The methodology is similar to that used by Conspiracy of Fire Nuclei, a domestic far-left group which in March mailed a letter bomb that injured a secretary at the International Monetary Fund in Paris.

The group had earlier claimed responsibility for an explosive device, also sent from Greece, that was discovered by the police at the offices of German Finance Minister Wolfgang Schaeuble.

The bombs contained gunpowder used in firecrackers, police said.

In 2011, several of its members, many of whom were very young, were convicted of "participating in a criminal organisation" and given long prison sentences.

Greek former prime minister Lucas Papademos  pictured in 2012  was rushed to hospital after an explo...
Greek former prime minister Lucas Papademos, pictured in 2012, was rushed to hospital after an explosive went off inside his car
LOUISA GOULIAMAKI, AFP/File

But three years later the group announced its return and has since committed sporadic attacks.
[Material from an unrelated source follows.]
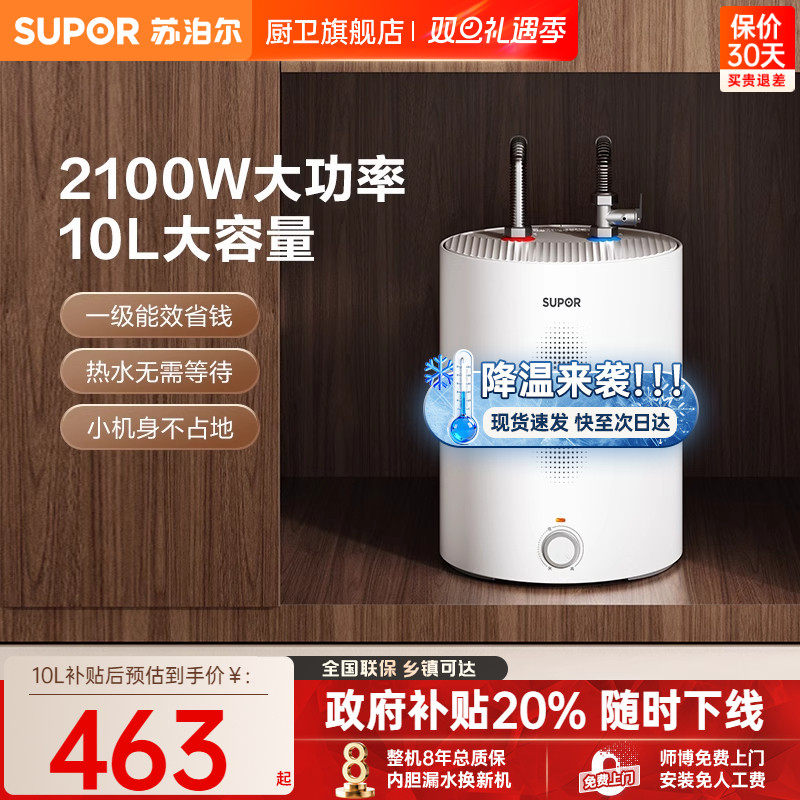 苏泊尔UK08厨宝聚合储水式小型家用电热水器大容量速热厨房热水宝

Papademos served as prime minister from November 2011 to May 2012 after the resignation of George Papandreou's socialist government, steering a batch of austerity measures through parliament before stepping down for elections to be held.

In 2012, Papademos's government negotiated a huge write-down of the country's privately held debt.

The move was widely criticised at the time, as Greek social insurance funds lost millions of euros in the process.

Papademos also drew fire for letting members of a far-right party join his coalition government.